I think what you are feeling is understandable. Rightly or wrongly, we often have a picture of what birth will be like, especially since some aspects of birth seem so set and unshakeable. That moment when a baby gets lifted out of you and lies on your abdomen and chest all gunky and blood-covered. If you want an olympic analogy, it's crossing the finishing line.
I've never 'crossed the finishing line'. My twins were born by EMCS under GA so the first view I got of them was a few hours after surgery when two tiny, swaddled bundles were shown to me as I retched in agony from the morphine. Honestly, they could have been anyone's babies. It was a rough, rubbish day and so far from the 'best day of my life' ideal I had been hoping for. I'd set a lot of store, foolishly it turned out, in seeing my babies being born. I'd spent five weeks in hospital on bedrest with bleeding and complications and seeing my magic IVF babies being lifted out of me and finding out their sex was going to be my 'reward'. It didn't feel like too much of an expectation, although people will probably trip over themselves to tell me how I should have had NO expectations at all; that expectations just mean disappointment. Well, not for most people. In Real Life I'm the only person I know who has not seen their babies being born. Even now it feels like something people take for granted. No one expects to miss that moment. Plus, it's a very important moment. If you speak to mothers about the first time they saw their baby it's very emotive and intense.
Second time around was going to be different. I was going to try for a VBAC and had all these worse case scenarios lined up in case things went awry and I had another EMCS under GA (my husband was going to get to hold the baby first, someone in theatre was going to take photos of the baby coming out....). Even then, I didn't get it this time either. My baby was born very poorly due to sepsis and inhaled meconium and was born not breathing. He was worked on frantically by a crash team for 8 minutes and then rushed off to NICU. It was pandemonium in the theatre and the moment of the baby being lifted over the cloth, and finding out the sex and holding that baby (that was going to be the balm for the first time that went so awry) was not to be. I got a glimpse of an incubator being whizzed past me whilst I tried not to vomit.
For me, this time, it's okay. I set up so many 'what ifs/worse case scenarios' that I was actually prepared. And I also know, from first time around, that not seeing your babies being born makes no difference with how you bond with them long term. I had awful PND after the birth of my twins and not seeing them being born didn't help with that, but it was only a tiny part of the picture.
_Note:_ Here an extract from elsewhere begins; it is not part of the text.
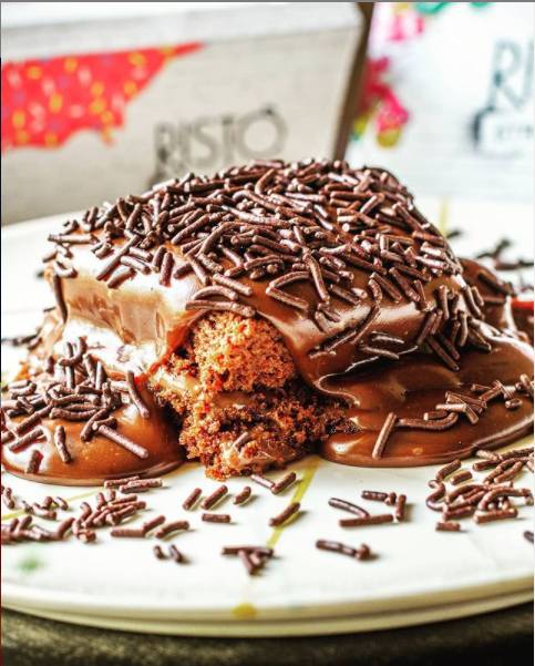 A sobremesa já consagrada como carro chefe do Ristô Street Food é o Bolo de brigadeiro recheado, molhado e com farta cobertura que escorre por todos os lados da generosa fatia.

And once I was through and over that PND I realised the love I had for my daughters was manifest and beyond the universe; there really is no end to it. Perhaps it is even more acute because of the difficulties I went through? Perhaps it burns brighter and sharper because I was so lost in the beginning?
It doesn't mean it doesn't affect you - it can hurt you acutely, can feel a piercing loss. Even now, when I think about it, it makes me sad; in a very happy life it's a true and real sadness. However, it's only a micro part of my life as a mother. As time passes it does become a mere heartbeat in terms of experiences and the sharpness of the disappointment and grief do fade. You just need to allow yourself to feel sad about it. I found writing down a detailed birth story and showing it to a friend really helped as it gave me an understanding of that day and my feelings about it. I allowed myself to feel disappointed, robbed, upset. All those feelings that people would rather we didn't feel as mothers.
I'll never have the moment of my children's birth. That will always be a sadness to me, however much people will say "get over it" or it doesn't matter. But I can promise you in the great scheme of your being a mother, it will only be an atom of sadness. And perhaps we love our babies a little bit sharper for that small piercing loss. I know I do.